Last Updated: 2010-05-27 18:18:30 UTC
by Kevin Liston (Version: 1)
Naming and tracking different malware families still leaves much to be desired, so for lack of a better alternative, I'm using the term Sasfis. It's function appears to be a general bot-net and is mostly leveraged to install other malware such as key-logging/banking-trojans such as Zeus or scareware like the many variants of Fake Anti-virus that is currently in the wild.

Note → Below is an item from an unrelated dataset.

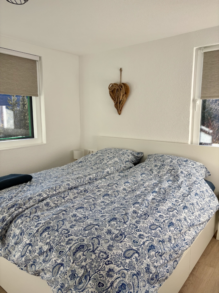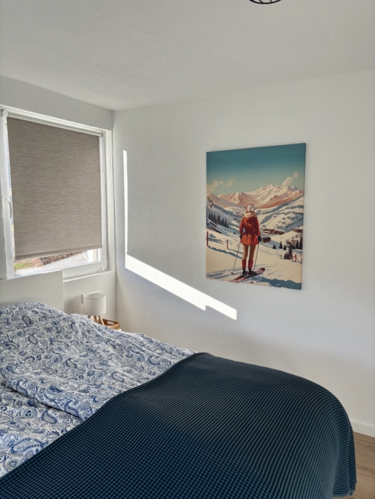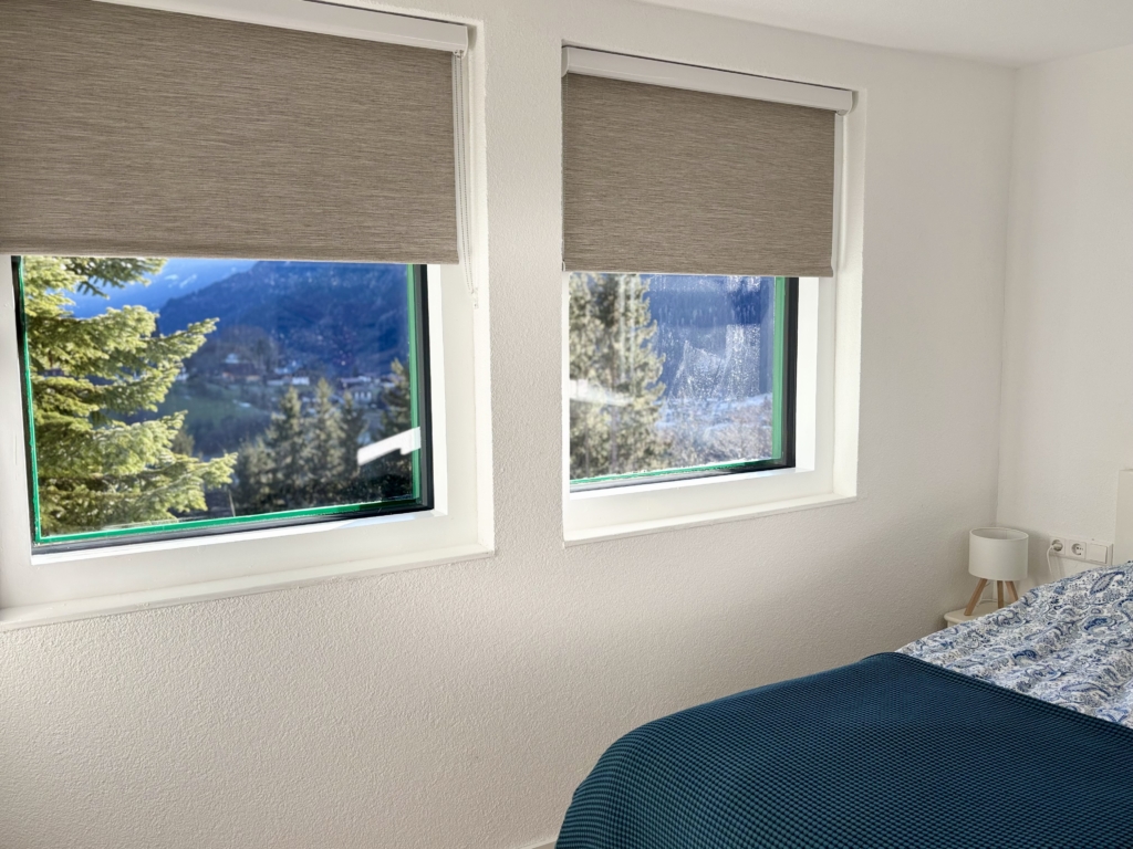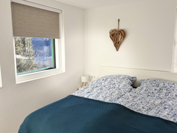 Er staat een bed van 180cmx200cm. Prachtig uitzicht direct op de bergen. Dat is nog eens fijn wakker worden! Uiteraard ontbreken een kledingkast en diverse opties om je kleren op te hangen ook niet.
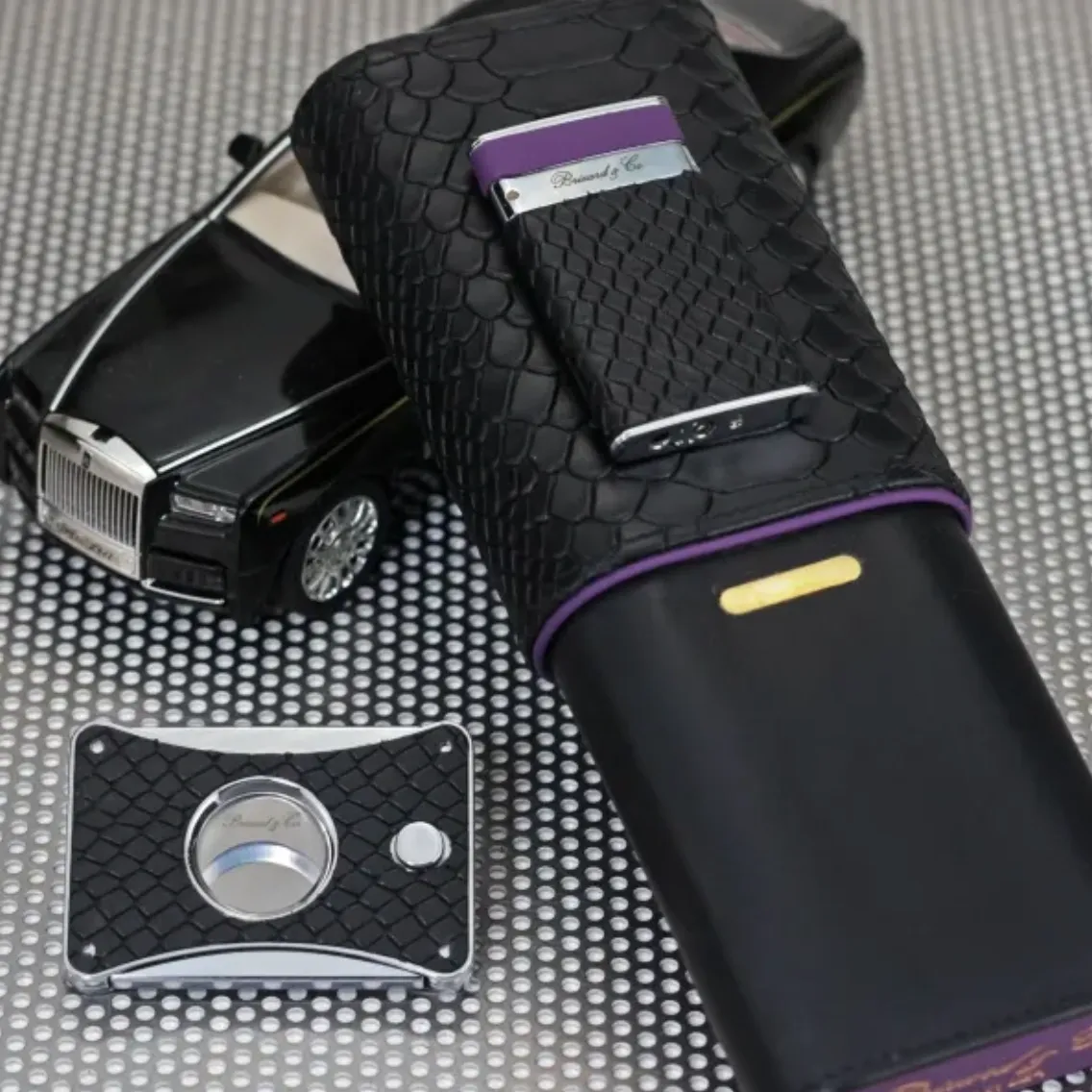 The "Show Band" 3 Cigar Case - Black Python Pattern and Purple Leather (Limited Edition)

I've been seeing this payload quite often this week. The most common way I see it is in fake shipping invoices. Today I received a well-targeted email using obviously-compromised user-contact data. It claimed to be from the state business tax department, and encouraged the recipient to install the (fake) secure-gateway software so that they could continue to pay their sales taxes online.
I'm being intentionally vague about the state since I'm haven't been able to contact them (abuse@$STATE$.gov bounces, for shame) but needless to say, if your state is distributing security software to you, it shouldn't be hosted in Moldova.
The detection of the malware was low, only 3 out of 40 at virus total. The host of the command and control server is also well aware of certain public sandboxes' IP addresses; their reports of network behavior were obviously blocked, and I managed to get one of my test IP addresses similarly blocked while playing around with the code today. They're upping their game.
For those looking for this on their networks, look for HTTP-like activity out to v-medical.org and 220.127.116.11.